Jaclyn Backhaus’s perceptive play “India Pale Ale,” a Manhattan Theatre Club presentation effectively directed by Will Davis, introduces us to a Punjabi family in Wisconsin, with members, contrary to what some might think, who have been born there. It is at once educational about Punjabi-Americans, including their culture and heritage, and also a plea for understanding and peaceful relations between people. The plot also includes a harrowing event of the all too frequent kind plaguing our country.
Luminous Shazi Raja gives an impassioned performance as Basminder “Boz” Batra, known as Boz. Approaching 30, she has ideas of breaking loose from the family environment and heading for Madison, Wisconsin, where she wants to use savings to open a bar. It is hardly an idea to win traditional family approval, and she has to defy her father, Sunny (Alok Tewari) and her mother Deepa (Purva Bedi), as well as her hot-tempered younger brother Iggy (Sathya Sridharan).

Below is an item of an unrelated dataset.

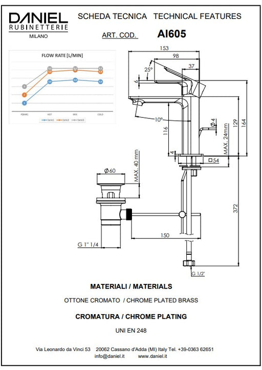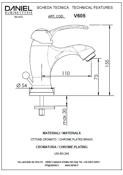 DANIELBaterie lavoar daniel rubinetterie made in italy revival v605 FINISAJ:LUCIOS CULOARE:CROM ACCESORII :VENTIL

But off Boz goes, causing a family crisis, with the side effect of the breaking off wedding plans between her brother and his intended. She does open the bar, and makes friends with Tim (Nate Miller), a good-natured guy whom she educates about her background and American-born status. There is a long conversation—overly long, I believe—but nonetheless interesting in establishing their friendship. When her brother arrives with grave news that requires her sudden return home, Boz thrusts keys upon Tim, who agrees to lock up the bar. (We later meet him interacting with the family.)

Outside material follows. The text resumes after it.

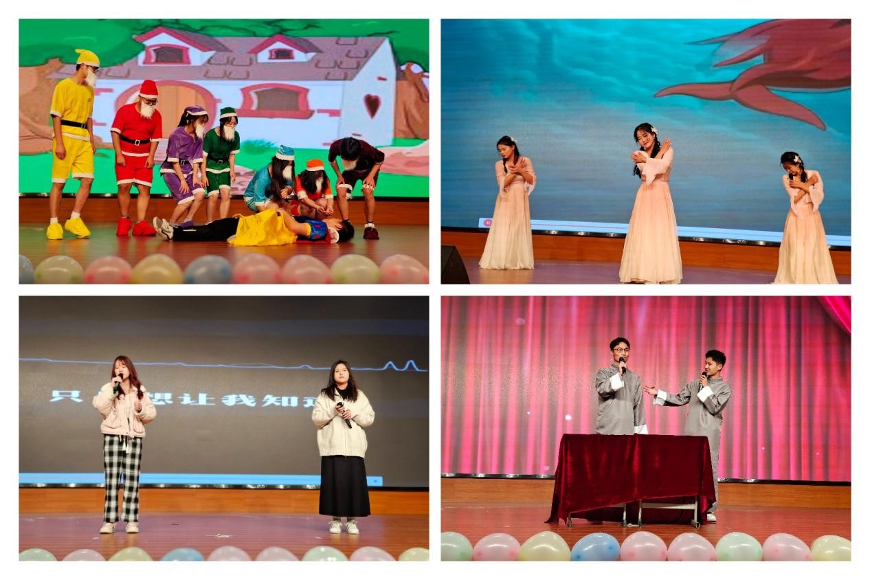古典舞《大鱼》舞姿曼妙,尽显中国古典舞的含蓄优美;深情合唱《背对背拥抱》教人珍惜生活中的点点滴滴;相声《大学生“活”》和脱口秀《大学的事》结合自身体验,说出了大学生活的丰富多彩和快乐烦恼,引起了大家的共鸣,掌声不断;话剧《白雪公主历险记》精彩反串,引爆全场笑点;比赛在第八届学生会全体同学表演的情景剧《白日梦想家》中圆满落幕。

The emergency has been created by a gunman doing a mass shooting that has claimed the life of Boz’s father and family acquaintances—a racist attack that has decimated the community and altered life for everybody involved.
While the play is best when showing intimately the Batra family members and their lives, the playwright also goes in for fantasy numbers attempting to show the heritage linking to pirate ancestors, notably a pirate known as Brown Beard. The lavishly staged and costumed interludes aboard a pirate ship in the 19th century come across as rather absurd, and while making a point, only hinder structure and realism of the play. At moments the ploy becomes downright silly.

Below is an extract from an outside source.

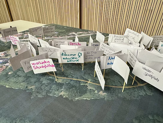 Die inhaltliche Arbeit leitete Stadtplanerin Barbara Wilnhammer vom Büro Wild & Wilnhammer Architekten und Stadtplaner. An drei Stationen sammelten die Teilnehmenden Ideen, markierten Bereiche auf Plänen und setzten Klebepunkte zur Gewichtung der Vorschläge.

But back to the real, contemporary world, the interplay between visiting Tim and the Batra family as it tries to recover from grieving is amusing and hopeful. There is a noble peace-pleading ending as members of the cast circulate among the audience and pass out gifts of samosas in an inter-cultural gesture symbolizing the play’s message for understanding and against hate and ignorance. At City Center Stage I, 131 West 55th Street. Reviewed October 26, 2018.